Mateusz Guzik <mjguzik@xxxxxxxxx> writes:

> On 11/8/23, Kees Cook <keescook@xxxxxxxxxxxx> wrote:
>> On Wed, Nov 08, 2023 at 01:03:33AM +0100, Mateusz Guzik wrote:
>>> I'm getting around 3.4k execs/s. However, if I "taskset -c 3
>>> ./static-doexec 1" the number goes up to about 9.5k and lock
>>> contention disappears from the profile. So off hand looks like the
>>> task is walking around the box when it perhaps could be avoided -- it
>>> is idle apart from running the test. Again this is going to require a
>>> serious look instead of ad hoc pokes.
>>
>> Peter, is this something you can speak to? It seems like execve() forces
>> a change in running CPU. Is this really something we want to be doing?
>> Or is there some better way to keep it on the same CPU unless there is
>> contention?
>>
>
> sched_exec causes migration only for only few % of execs in the bench,
> but when it does happen there is tons of overhead elsewhere.
>
> I expect real programs which get past execve will be prone to
> migrating anyway, regardless of what sched_exec is doing.
>
> That is to say, while sched_exec buggering off here would be nice, I
> think for real-world wins the thing to investigate is the overhead
> which comes from migration to begin with.

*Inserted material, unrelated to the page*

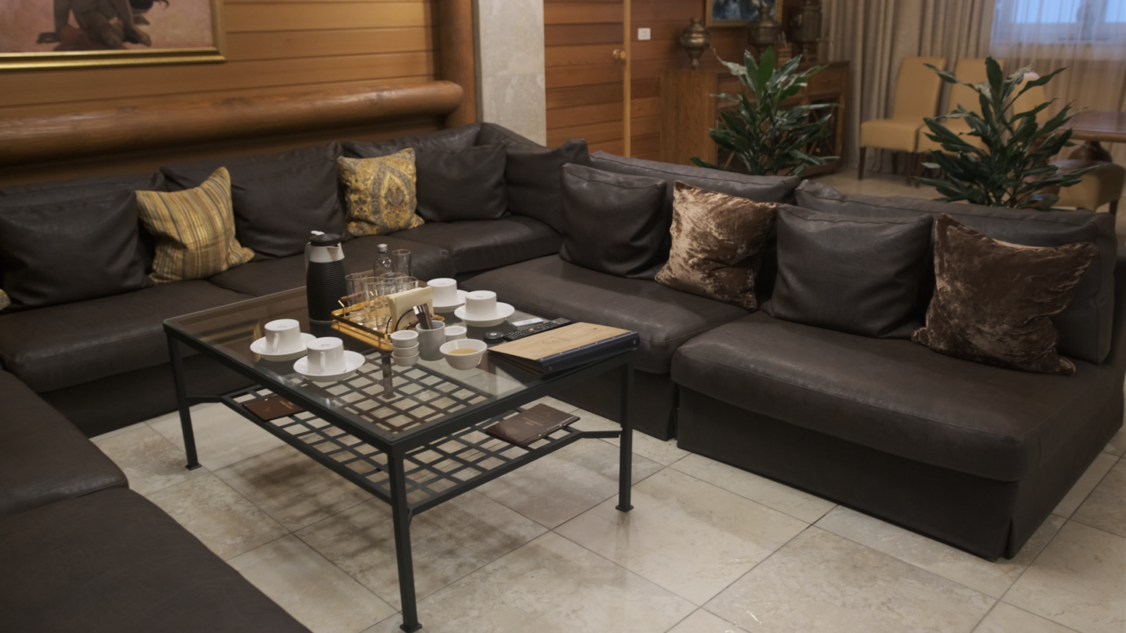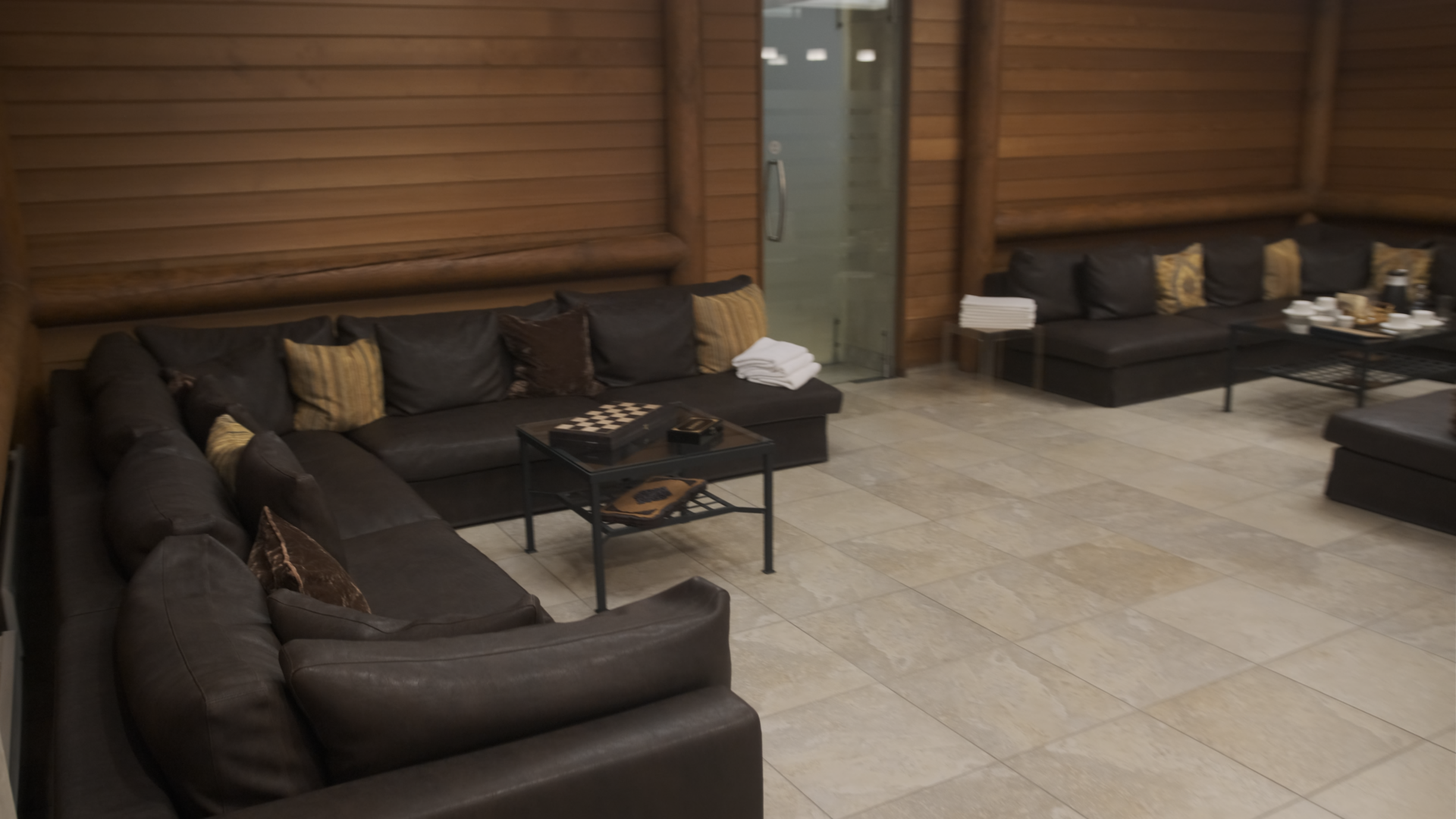 После всех процедур мы вернулись в большую основную зону отдыха. Там стоит огромный диван, большой стол, и, насколько я видел во время своего визита, был еще бильярдный стол. Но я был в 2025 году, и, насколько знаю, потом его могли убрать. Так что лучше этот момент уточнять заранее.

I have a vague memory that the idea is that there is a point during exec
when it should be much less expensive than normal to allow migration
between cpus because all of the old state has gone away.

Assuming that is the rationale, if we are getting lock contention
then either there is a global lock in there, or there is the potential
to pick a less expensive location within exec.

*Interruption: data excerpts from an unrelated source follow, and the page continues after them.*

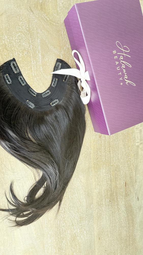 مقدمة U من حلاوة بيوتي قطعة شعر طبيعية 100% بتصميم ذكي… تغنيكِ عن تعب التركيب الكامل.
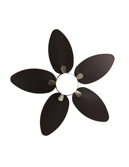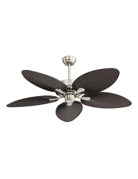Ventilador DC serie BORASCO realizado en metal, ABS y cristal, en color NIQUEL con cinco aspas de diseño HOJA DE PALMA TROPICAL de color MARRON. Tiene seis velocidades ajustables. Con INSTALACION DE LUZ OPCIONAL. Tecnología LED incorporada con una potencia de 24W, con 3 TEMPERATURAS DE LUZ (3000-4000-6000K) y 2950 lúmenes. Su medida es de 38/50,5X132X132 centímetros, viene con DOS MEDIDAS DE TIJA, lo que permite adaptarlo a distintas alturas de techo Control de aire verano o invierno. Mando a distancia INCLUIDO con MEMORIA DE COLOR incorporada y TEMPORIZADOR 1/2/4/8 H. Modelo también disponible en Marrón.
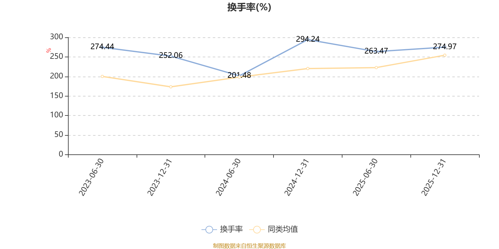 截至2025年12月31日,基金最近一年换手率约535.03%,持续高于同类均值。
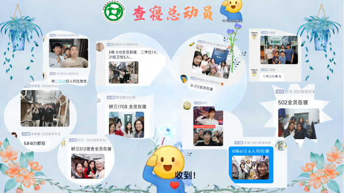 我院党政班子统筹部署疫情防控工作,落实包保责任,精准掌握包保年级情况,构建“学院党政班子-辅导员/学科系-团总支书记/年级长-安全教育委员/卫生健康委员-寝室长”五级责任体系,明确责任、落实到人,确保各项工作做精做实。寝室每晚“花式拍照打卡”,严查夜不归宿;安全教育委员、卫生健康委员坚持一日三检,收集二码,核验核酸报告;团总支成员协助辅导员完成疫情风险问题排查,每日统计上报“成长中的陪伴—动态管理一张表”,精准摸排掌握学生所在地点;疫情防控信息专员按时上报各项疫情防控数据,确保底数清、情况明、数据实。
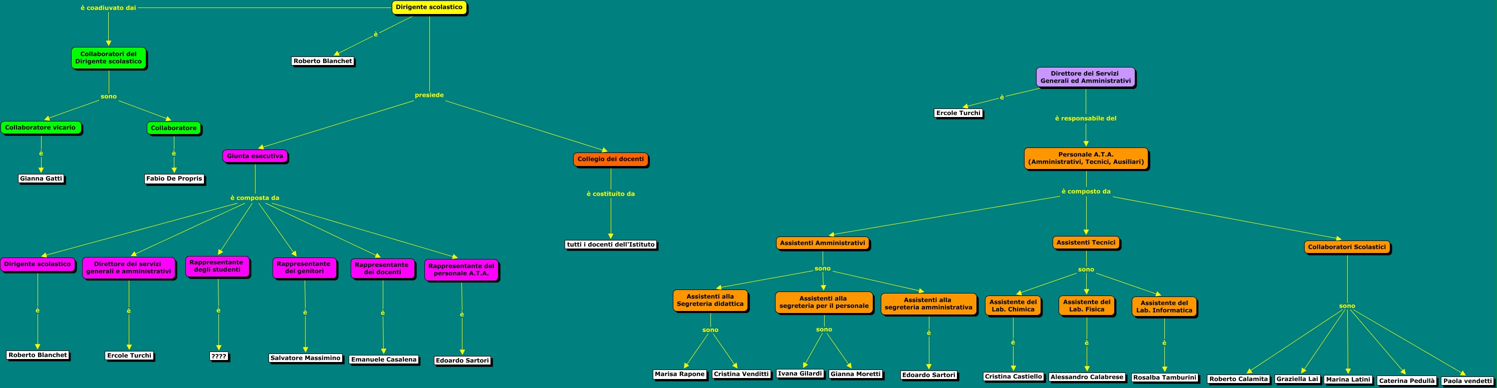 Questa Mappa Concettuale ha informazioni correlate a: Organigramma2, Collaboratore vicario è Gianna Gatti, Dirigente scolastico presiede Collegio dei docenti, Assistenti alla segreteria per il personale sono Gianna Moretti, Rappresentante del personale A.T.A. è Edoardo Sartori, Giunta esecutiva è composta da Direttore dei servizi generali e amministrativi, Giunta esecutiva è composta da Rappresentante degli studenti, Assistenti Tecnici sono Assistente del Lab. Fisica, Assistenti alla segreteria amministrativa è Edoardo Sartori, Assistenti Amministrativi sono Assistenti alla Segreteria didattica, Collaboratori del Dirigente scolastico sono Collaboratore vicario

Just to confirm my memory I dug a little deeper and I found the original
commit that added sched_exec (in tglx's git tree of the bit keeper
history).

commit f01419fd6d4e5b32fef19d206bc3550cc04567a9
Author: Martin J. Bligh <mbligh@xxxxxxxxxxx>
Date:   Wed Jan 15 19:46:10 2003 -0800

    [PATCH] (2/3) Initial load balancing

    Patch from Michael Hohnbaum

    This adds a hook, sched_balance_exec(), to the exec code, to make it
    place the exec'ed task on the least loaded queue. We have less state
    to move at exec time than fork time, so this is the cheapest point
    to cross-node migrate. Experience in Dynix/PTX and testing on Linux
    has confirmed that this is the cheapest time to move tasks between nodes.

    It also macro-wraps changes to nr_running, to allow us to keep track of
    per-node nr_running as well. Again, no impact on non-NUMA machines.

Eric